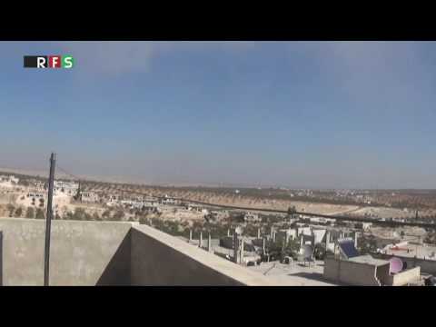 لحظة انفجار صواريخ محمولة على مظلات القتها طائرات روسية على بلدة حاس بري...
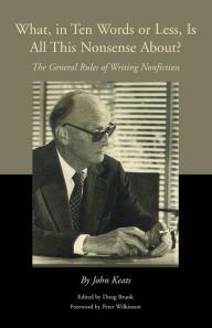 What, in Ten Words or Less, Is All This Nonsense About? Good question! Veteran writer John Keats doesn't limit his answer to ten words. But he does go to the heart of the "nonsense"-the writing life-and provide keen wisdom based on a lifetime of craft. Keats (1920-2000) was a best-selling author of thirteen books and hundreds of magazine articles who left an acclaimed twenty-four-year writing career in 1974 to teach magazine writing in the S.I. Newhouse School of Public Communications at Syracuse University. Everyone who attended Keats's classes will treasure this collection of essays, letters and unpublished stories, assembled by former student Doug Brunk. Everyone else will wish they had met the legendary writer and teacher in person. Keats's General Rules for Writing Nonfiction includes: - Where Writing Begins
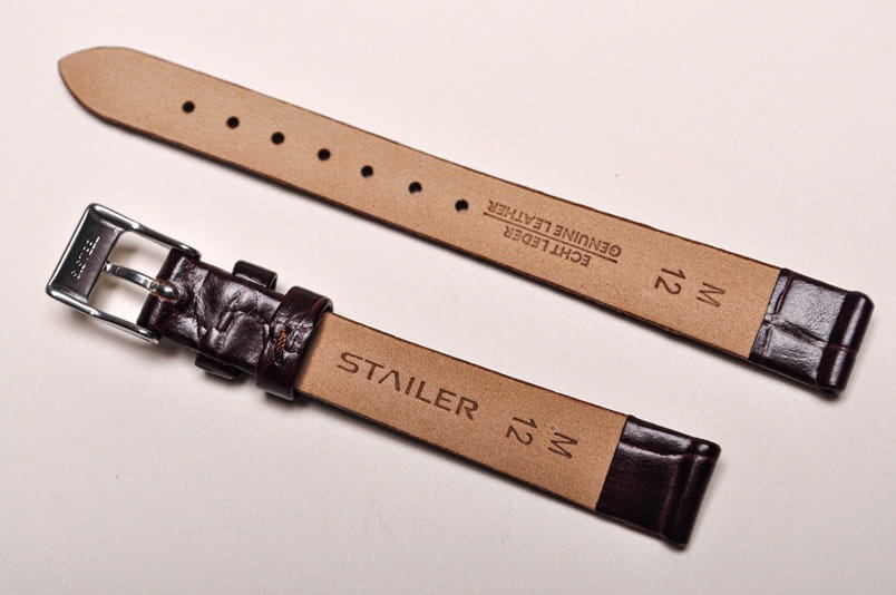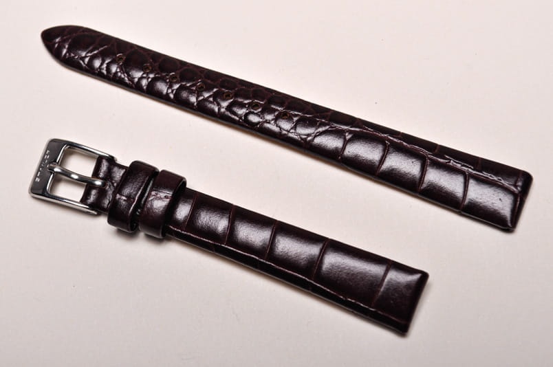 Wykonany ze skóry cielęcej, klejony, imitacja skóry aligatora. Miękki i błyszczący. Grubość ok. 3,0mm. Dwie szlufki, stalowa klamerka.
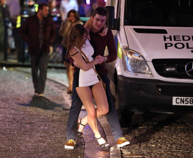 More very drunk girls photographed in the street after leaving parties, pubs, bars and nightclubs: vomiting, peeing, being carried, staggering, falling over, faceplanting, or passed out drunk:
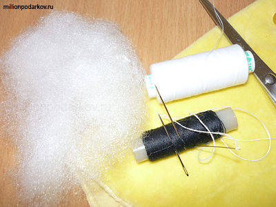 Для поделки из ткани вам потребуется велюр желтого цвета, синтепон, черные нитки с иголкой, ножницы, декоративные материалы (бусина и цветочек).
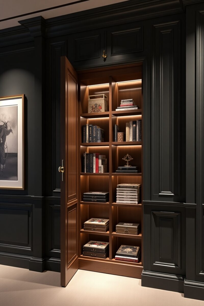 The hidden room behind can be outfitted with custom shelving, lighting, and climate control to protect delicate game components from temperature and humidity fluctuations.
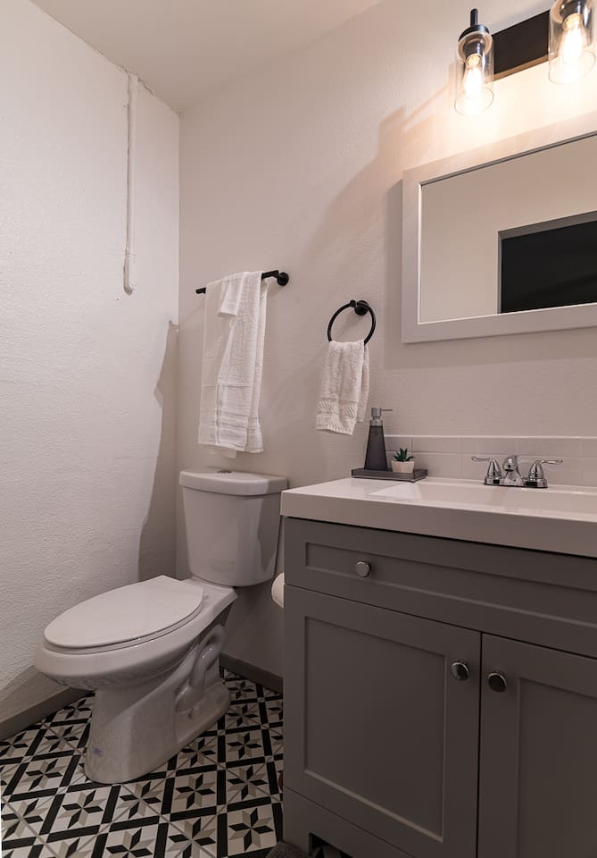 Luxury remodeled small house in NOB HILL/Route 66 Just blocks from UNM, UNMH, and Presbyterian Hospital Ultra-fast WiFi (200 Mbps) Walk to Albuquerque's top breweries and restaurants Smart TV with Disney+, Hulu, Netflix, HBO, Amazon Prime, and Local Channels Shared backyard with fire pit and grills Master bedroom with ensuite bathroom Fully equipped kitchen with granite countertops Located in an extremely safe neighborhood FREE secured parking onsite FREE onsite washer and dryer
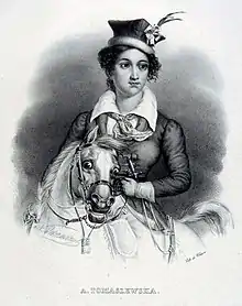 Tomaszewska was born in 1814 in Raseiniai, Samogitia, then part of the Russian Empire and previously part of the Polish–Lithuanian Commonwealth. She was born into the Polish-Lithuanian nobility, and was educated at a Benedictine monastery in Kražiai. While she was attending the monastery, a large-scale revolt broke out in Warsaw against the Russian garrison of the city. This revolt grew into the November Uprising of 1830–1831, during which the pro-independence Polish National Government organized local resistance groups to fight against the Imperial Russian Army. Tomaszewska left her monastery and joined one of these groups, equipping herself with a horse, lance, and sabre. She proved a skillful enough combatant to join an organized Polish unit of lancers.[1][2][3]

* * *

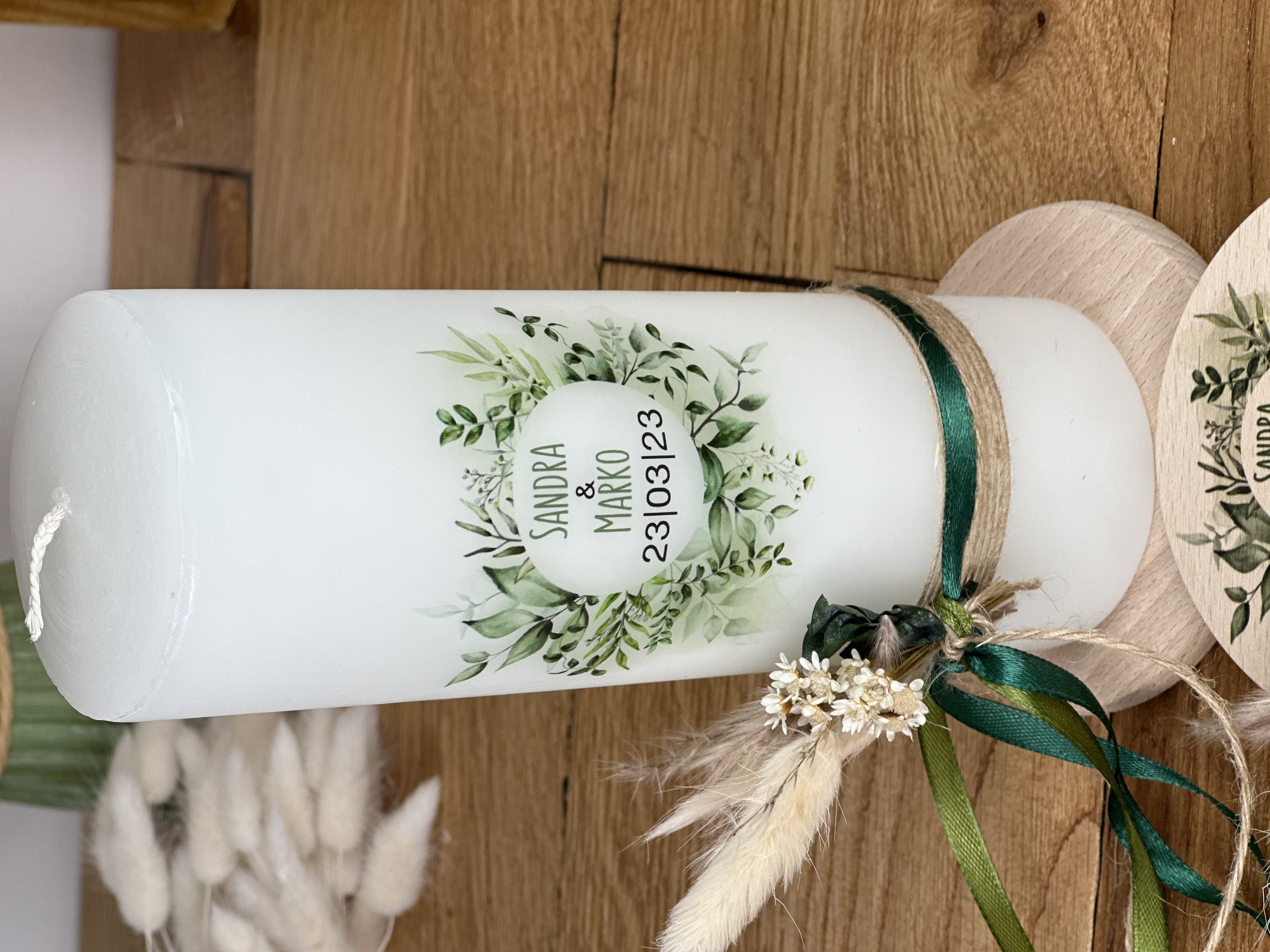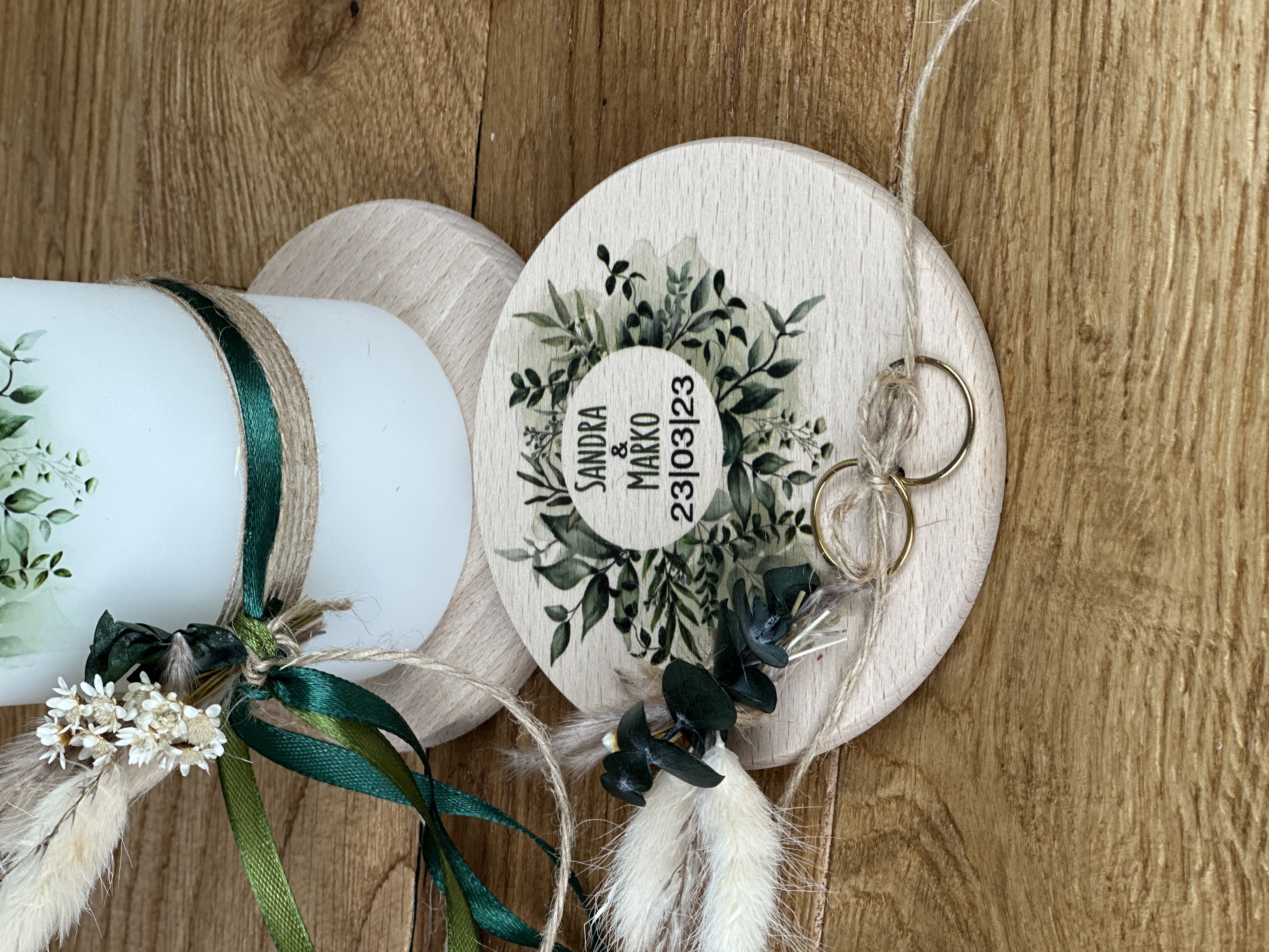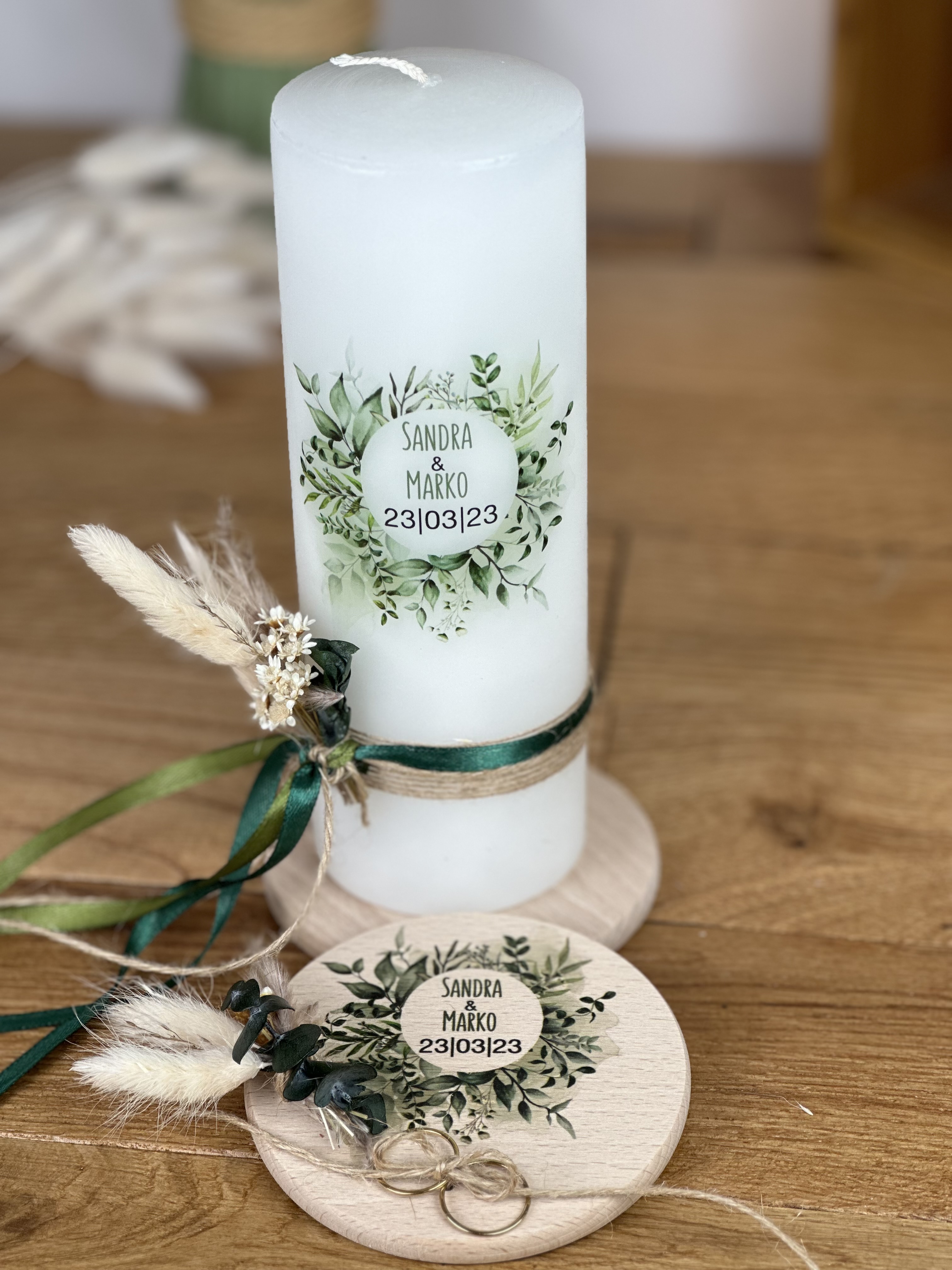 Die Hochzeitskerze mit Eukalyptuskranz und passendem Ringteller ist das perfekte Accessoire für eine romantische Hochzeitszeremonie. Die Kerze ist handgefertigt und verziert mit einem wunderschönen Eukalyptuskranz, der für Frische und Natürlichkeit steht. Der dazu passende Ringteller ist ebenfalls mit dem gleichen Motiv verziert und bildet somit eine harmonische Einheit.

§ EXERCISE
Go to the line above holding "More very drunk", then copy exactly each line down to and including the one holding "Для поделки из", leaving pictures out.

§ RESULT
 More very drunk girls photographed in the street after leaving parties, pubs, bars and nightclubs: vomiting, peeing, being carried, staggering, falling over, faceplanting, or passed out drunk:
 Для поделки из ткани вам потребуется велюр желтого цвета, синтепон, черные нитки с иголкой, ножницы, декоративные материалы (бусина и цветочек).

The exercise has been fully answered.